Terapia antiinfiammatoria
Dr. F. Feraboli

Per intraprendere con successo una terapia antiinfiammatoria a base di veleno d'ape due sono i requisiti essenziali: un accurato inquadramento diagnostico e, conseguentemente, la constatazione dell'esistenza di una indicazione specifica. A questo proposito sorprendente è l'analogia con il quadro omeopatico corrispondente alla somministrazione del rimedio Apis.
Il campo d'azione del veleno (che diluito e dinamizzato è il principio attivo di Apis) si estende a numerose affezioni acute e croniche, quali gli stati infiammatori acuti articolari (ad esempio il reumatismo articolare acuto e la gotta), alla eresipela, all'artrosi e all'artrite reumatoide, all'orticaria, alla nefrite, ai disturbi del sonno, e persino alla sclerosi multipla.
Dal punto di vista biochimico i componenti di spicco del veleno sono: apamina, melittina e un particolare peptide detto peptide 401, la cui azione sicuramente sinergica e polifunzionale è stata accuratamente studiata, anche se molti sono i meccanismi farmacocinetici ancora sconosciutí . L'ipotesi corrente sostiene che il peptide agisca sull'ipofisi scatenando la produzione di ACTH e quindi di cortisolo.
Particolarmente interessante mi sembra l'associazione a prima vista casuale di patologie a carico del sistema nervoso e tegumentario nel campo d'azione del veleno d'api: embriologicamente la loro origine è comune, e tale proprietà, pur non chiarita in questi termini, è ben riconosciuta dall'omeopatia.
A proposito dell'efficacia del veleno d'ape nella cura della sclerosi multipla attualmente al vaglio di più di un importante organismo scientifico internazionale, vorrei accennare, soltanto nei termini di una suggestiva nuova ipotesi di lavoro, alla scoperta di una scienziata americana, Candace Pert, sul ruolo dei peptidi, che, come è noto, figurano fra i componenti principali del veleno.
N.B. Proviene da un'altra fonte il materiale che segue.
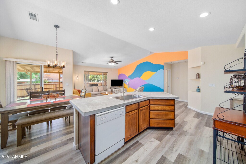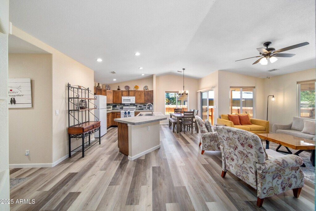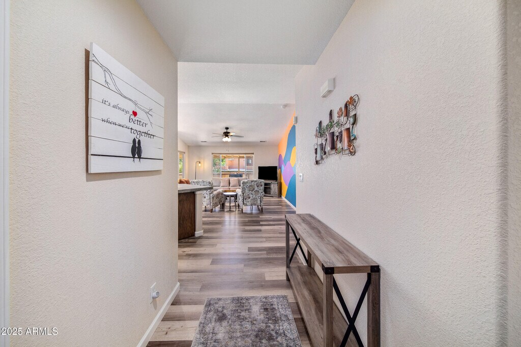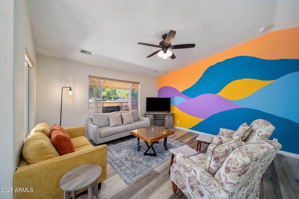 Welcome to a meticulously remodeled home nestled in the heart of Cottonwood's Historic Old Town District. This charming single-level home offers serene tranquility,all within blocks of Old Town shops,top-rated restaurants,and acclaimed wineries that make Cottonwood the ''Heart of Arizona Wine Country.'' This fully furnished home is set to impress,move-in ready,with all the comforts you would expect. Just bring your suitcases and unpack! Inside,you'll discover an inviting open floor plan with vaulted ceilings,abundant natural light,and stylish finishes throughout. The kitchen has been fully remodeled with an island/breakfast bar,rich cabinetry,natural concrete counters,and a gas range for the chef in the family! Warm,vinyl wood planking with decorative area rugs,accent walls provide splashes of color,brightening every room. Both baths have been fully remodeled with refinished cabinetry and gorgeous tiled walk-in showers. Outside,you'll find a private,fully fenced backyard with an extended length,covered patio-a perfect place to gather with friends,enjoy that morning cup of coffee,or relaxing at the end of a day. This quiet street location provides peace and privacy,just a short walk from the river for our nature lovers and minutes from all the excitement of Old Town Cottonwood. Truly a wonderful place to call home!

Secondo Pert i peptidi sono veri e propri messaggeri molecolari che interconnettono il sistema nervoso, immunitario ed endocrino, tradizionalmente ritenuti distinti, in un'unica rete psicosomatica, deputata all'autoequilibrazione dei processi organici.
I peptidi sono brevi catene di amminoacidi che si attaccano a recettori specifici, i quali si trovano in abbondanza su cellule di molti tipi: non solo, i peptidì stessi vengono secreti dal sistema endocrino (ormoni), ma anche da quello nervoso (endorfine), e da varie altre parti del corpo, al punto da non consentire alcuna netta distinzione nè relativamente alla loro produzione, nè al loro utilizzo da parte dell'organismo.
Nel sistema nervoso i peptidi sarebbero responsabili della maggior parte della trasmissione di segnali emessi dai neuroni, oltre a rappresentare la manifestazione chimica delle emozioni; nel sistema immunitario (prodotti dai globuli bianchi, che possiedono recettori per tutti i peptidi) controllano gli andamenti migratori delle cellule ad esso appartenenti, le loro funzioni vitali, e, soprattutto, la loro identità molecolare.
E' possibile (Pert si occupa dell'Aids, ma sarebbe interessante poter verificare se anche nella sclerosi multipla hanno luogo le stesse dinamiche) . che le patologie autoimmuni abbiano origine da una disgregazione nella rete globale della comunicazione peptidica, tale da spingere il sistema immunitario a compiere errori "cognitivi" di riconoscimento, inducendolo ad attaccare le proprie cellule.
L'introduzione a scopo terapeutico di peptidi di sintesi, (come il "T" nell'Aids), o naturali (come il velenonella sclerosi multipla), assolverebbe alla funzione di riparare la rete comunicativa attraverso l'immissione di connettivi mancanti, ripristinando così il corretto funzionamento del sistema immunitario. .
Il trattamento di tutte le patologie indicate fino ad ora è pressoché standard e prevede l'applicazione di una media di 4-5 punture d'ape per seduta, 2-3 volte a settimana per circa 1 0 sedute (nella sclerosi multipla il trattamento dura anni). I risultati spesso si hanno a distanza di una quindicina di giorni dal termine della terapia, una volta risoltasi l'irritazione locale provocata dal veleno.

Desensibilizzazione al VELENO
Nel caso di allergia al veleno degli imenotteri si utilizza il veleno specifico della specie, che ha causato la reazione, ad alte diluizioni progressive fino ad arrivare alla puntura dell'insetto vera e propria.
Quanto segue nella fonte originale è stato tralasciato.